4. Justin Hodgman – 13th round, 242nd overall in the 2005 OHL Priority Selection

A late selection who panned out as the Otters’ best choice in the 2005 draft, Hodgman is fourth in all-time scoring with 217 points. He bounced between the AHL and ECHL this season with the Toronto Marlies and Reading Royals, respectively, and has played in 90 career AHL games.


3. Carlo Colaiacovo – 3rd round, 50th overall in the 1999 OHL Priority Selection

A steady two-way defenseman with the Otters who eventually became a first round pick by the Toronto Maple Leafs in 2001. Colaiacovo tallied 136 points in 209 games during a stellar Otters career. After being marred by injuries during his Leafs tenure, he’s found a home with the St. Louis Blues where he’s been one of their top blueliners. Colaiacovo has represented Canada twice at the World Juniors and once at the IIHF World Championships.


2. Mike Cazzola – 13th round, 241st overall in the 2007 OHL Priority Selection

Also a keen lacrosse player in his hometown of Guelph, Cazzola has been the Otters version of Martin St. Louis with slick two-way play in a small package. He’s just one of three players drafted by the Otters to average a point per game with the team, and the only one of those players drafted out of the first round. With 180 points in 179 career games, Cazzola should surely wind up in the top five in all-time team scoring should he play in his overage season. Easily the biggest steal in Otters draft history.

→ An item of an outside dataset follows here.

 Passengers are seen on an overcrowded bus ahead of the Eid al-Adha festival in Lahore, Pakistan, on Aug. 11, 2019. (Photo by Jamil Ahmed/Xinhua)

1. Brad Boyes – 1st round, 12th overall in the 1998 OHL Priority Selection

No surprise here, but consider the circumstances. He was rated as an 11th-round prospect by OHL Central Scouting and his selection by the Otters drew gasps from the crowd at the draft in Barrie, much like the selection of Mario Williams over Reggie Bush by the Texans years ago. In both cases, the teams definitely got it right, and there’s no question the Boyes is the best player in Otters history with 309 points, still a team record. As captain, he led the Otters to their first OHL championship. His No. 16 jersey was the first to be retired by the Otters, and Boyes has had a terrific NHL career with the Bruins, Blues and Sabres.


The Otters will draft 12th on Saturday, for the first time since that fateful pick in 1998. I hope that’s a sign.